# D-Adaptation
[](https://pepy.tech/project/dadaptation) [](https://pepy.tech/project/dadaptation)
Learning rate free learning for SGD, AdaGrad and Adam!
*by Aaron Defazio and Konstantin Mishchenko [(Arxiv)](https://arxiv.org/abs/2301.07733)*
``` pip install dadaptation ```
**NEW V3.0 release uses an improved algorithm that may give different results from past versions. The old version is still availiable under experimental/d_adapt_adam_preprint.**
## NEW: Prodigy
We have recently released the [Prodigy](https://github.com/konstmish/prodigy) method, which grows the adapted learning rate faster than D-Adaptation in theory and practice. Try it out if D-Adaptation is under-estimating the learning rate.
## How To Cite
If you use D-Adaptation in a publication, please cite our work as
```
@ARTICLE{defazio2023dadapt,
author = {Aaron Defazio and Konstantin Mishchenko},
title = {Learning-Rate-Free Learning by D-Adaptation},
journal = {The 40th International Conference on Machine Learning (ICML 2023)},
year = {2023}
}
```
## Details
The provided Pytorch Optimizer classes are drop-in replacements, either copy into your project or use via pip with dadaptation.DAdaptSGD, dadaptation.DAdaptAdam or dadaptation.DAdaptAdaGrad.

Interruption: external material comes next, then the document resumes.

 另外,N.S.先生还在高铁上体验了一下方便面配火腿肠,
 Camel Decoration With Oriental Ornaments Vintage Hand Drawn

- **Set the LR parameter to 1.0**. This parameter is not ignored. Setting it larger to smaller will directly scale up or down the D-Adapted learning rate estimate.
- Different per-layer learning rates can be achieved by setting the layer_scale value in each parameter-group. It defaults to 1.0, and scales each layer's learning rate relative to the other layers.

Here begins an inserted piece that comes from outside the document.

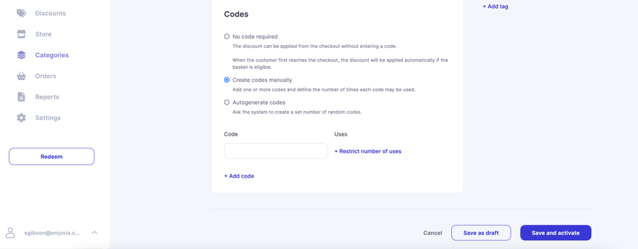 - Create codes manually - Add one or more codes and define the number of times each code may be used. Note: Restricting the number of codes is optional.
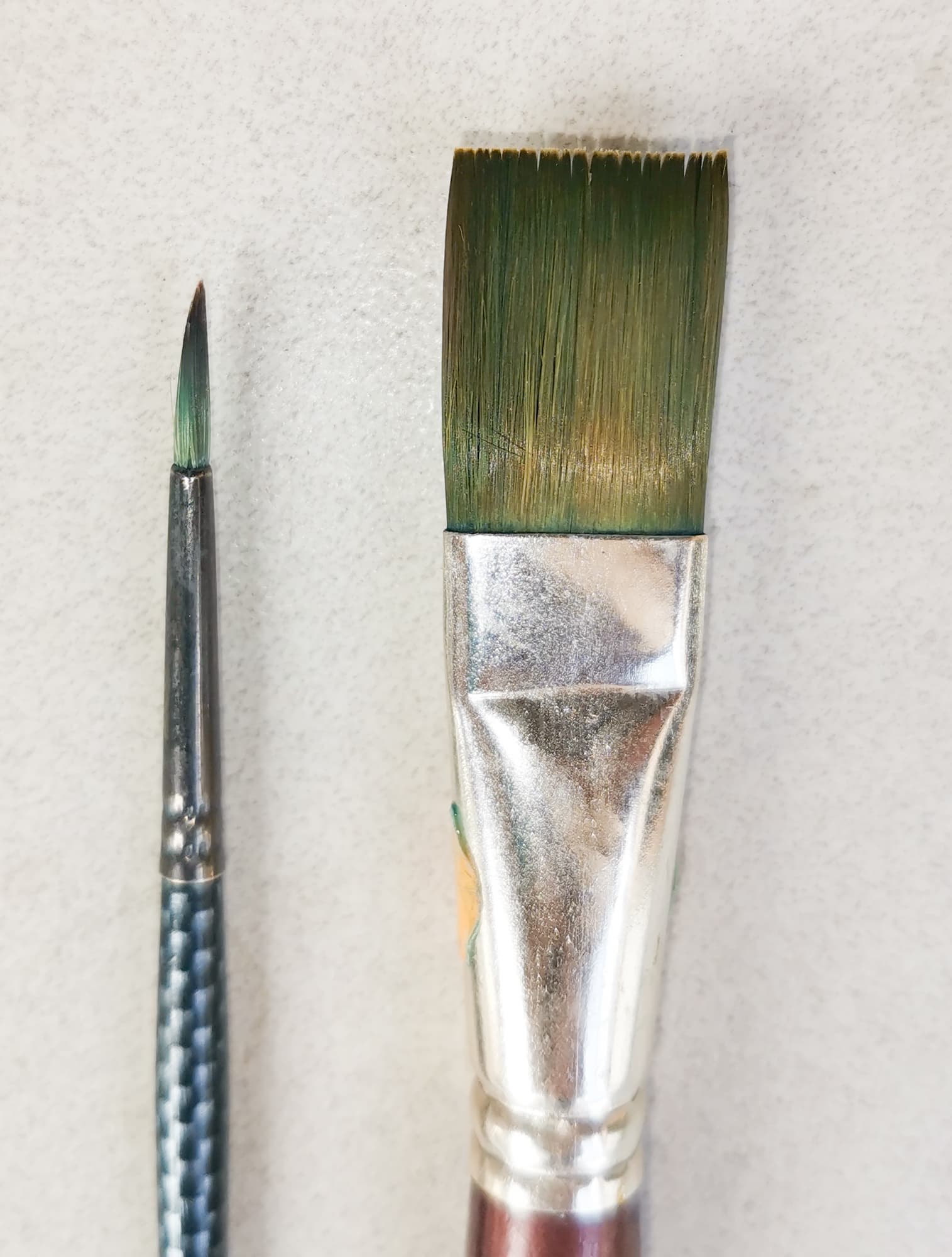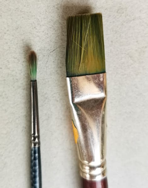Эти кисточки использовались для рисования темперной краской, в состав которой входит ПВА, поэтому вычистить ворс у основания всегда трудно, особенно когда кисточка не домывается вовремя. К тому же, данные кисти пролежали в ящике больше года и остатки краски на них совсем засохли.

- **Use the same learning rate scheduler you would normally use on the problem.**
- The Adam variant supports AdamW style weight decay, just set decouple=True. It is not turned on by default, so if you are replacing your adam implementation, make sure you use decoupled if necessary.
- It may be necessary to use larger weight decay than you would normally use, try a factor of 2 or 4 bigger if you see overfitting. D-Adaptation uses larger learning rates than people typically hand-choose, in some cases that requires more decay.

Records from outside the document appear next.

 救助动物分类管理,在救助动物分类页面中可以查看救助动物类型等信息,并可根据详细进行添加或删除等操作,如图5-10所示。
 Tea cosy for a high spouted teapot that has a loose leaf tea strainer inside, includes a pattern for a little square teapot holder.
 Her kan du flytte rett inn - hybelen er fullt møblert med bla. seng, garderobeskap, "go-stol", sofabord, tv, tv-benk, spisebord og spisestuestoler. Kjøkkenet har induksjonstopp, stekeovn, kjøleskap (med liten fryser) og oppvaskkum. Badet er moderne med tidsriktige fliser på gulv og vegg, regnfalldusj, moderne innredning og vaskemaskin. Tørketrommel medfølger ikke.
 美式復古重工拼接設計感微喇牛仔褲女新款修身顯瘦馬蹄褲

- Use the log_every setting to see the learning rate being used (d*lr) and the current D bound.
- Only the AdaGrad version supports sparse gradients. It does not adapt as efficiently as the other variants and should be considered experimental.
## Change Log
### Version 3.2
- Added support for layer-wise scaling to DAdaptAdam.
### Version 3.0
- Major improvements to DAdaptAdam, improving the performance particularly on Transformer models. This variant may behave differently in practice. The old version is availiable under experimental/d_adapt_adam_preprint if you wish to continue to use it.
- The IP variant is now the main variant of the method.
- Added Lion. This is highly experimental. Feedback on it's performance is welcome.
### Version 2.0
- Added Adan - should still be considered experimental.
- Added support for PyTorch's Fully Sharded Data Parallel.
- Improved support of edge cases such as learning rate zero.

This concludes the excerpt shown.